COED is a screen editor for the BBC Micro written in 6502 assembler.
Author: Graham Toal Family: LineEditorFamily EdinburghFamily Platform: BBC Micro License: Commercial
It uses the "buffer gap" technique, and rolls out blocks from either end of the file to two temporary disk files when editing documents larger than the BBC Micro's relatively small memory. Source is available and will be online shortly. The internals of COED are derived from the internals of ECCE, a line editor. This editor was written as a demonstration for Acorn staff, whose only existing text editor at that time used a single contiguous text area for its "data structure" (making inserts painfully slow, as you could imagine). This editor was responsible for exploding "editor wars" at Acorn, where Sophie (at the time, Roger) Wilson, Ben Bridgwater, Keith Rautenbach, Jon Thackray and Graham Toal all worked on competing text editors. Competition was good for business and Acorn subsequently turned out several text editors that were far better than their earlier efforts.

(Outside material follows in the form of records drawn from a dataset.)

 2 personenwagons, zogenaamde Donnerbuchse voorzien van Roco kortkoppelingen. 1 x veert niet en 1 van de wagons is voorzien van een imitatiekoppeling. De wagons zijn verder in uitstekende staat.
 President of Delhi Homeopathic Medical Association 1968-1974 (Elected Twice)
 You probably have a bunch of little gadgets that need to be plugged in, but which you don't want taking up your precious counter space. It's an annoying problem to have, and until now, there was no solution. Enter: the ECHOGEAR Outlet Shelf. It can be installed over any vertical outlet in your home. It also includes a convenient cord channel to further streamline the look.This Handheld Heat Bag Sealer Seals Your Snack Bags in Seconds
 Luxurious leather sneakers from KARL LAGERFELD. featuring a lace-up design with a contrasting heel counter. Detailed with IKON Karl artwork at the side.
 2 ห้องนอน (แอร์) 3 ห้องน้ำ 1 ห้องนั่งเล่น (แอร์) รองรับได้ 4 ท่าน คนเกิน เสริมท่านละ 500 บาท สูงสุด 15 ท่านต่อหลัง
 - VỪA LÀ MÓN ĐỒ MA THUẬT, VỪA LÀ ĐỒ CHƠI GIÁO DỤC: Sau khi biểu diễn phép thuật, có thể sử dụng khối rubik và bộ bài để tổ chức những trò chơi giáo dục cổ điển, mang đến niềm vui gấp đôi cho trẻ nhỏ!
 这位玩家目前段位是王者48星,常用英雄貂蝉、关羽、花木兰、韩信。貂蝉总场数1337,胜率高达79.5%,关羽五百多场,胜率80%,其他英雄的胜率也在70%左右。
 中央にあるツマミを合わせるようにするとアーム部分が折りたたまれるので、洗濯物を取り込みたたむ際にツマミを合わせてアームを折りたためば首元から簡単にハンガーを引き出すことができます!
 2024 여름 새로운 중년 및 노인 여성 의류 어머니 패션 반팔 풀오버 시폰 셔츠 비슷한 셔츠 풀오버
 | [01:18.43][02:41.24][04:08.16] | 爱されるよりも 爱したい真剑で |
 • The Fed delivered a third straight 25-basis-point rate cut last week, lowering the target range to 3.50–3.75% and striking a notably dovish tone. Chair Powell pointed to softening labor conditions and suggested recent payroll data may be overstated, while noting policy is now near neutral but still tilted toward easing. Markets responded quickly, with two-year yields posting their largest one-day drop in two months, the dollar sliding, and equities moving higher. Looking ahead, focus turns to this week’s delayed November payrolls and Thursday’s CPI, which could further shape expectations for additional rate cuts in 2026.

Keith Rautenbach's editor was a LISP-based editor in the style of EMACS but not quite so bloated, and written in Modula-II. The source was rediscovered recently and will be online soon. Ben Bridgwater's editor was the program editor for Acorn's Pascal, and a floppy which may contain this code has been located; once the disk is recovered it will be put online.
An early source of COED (V0.1) has been located and is online for now at http://www.gtoal.com/vide/old/vide-pref/coed.txt
The editor does not fold long lines; rather, it allows for sideways scroll. Also it assumes a model of one byte = one display character, when handling vertical movement, using an inverse video symbol for unprintable characters.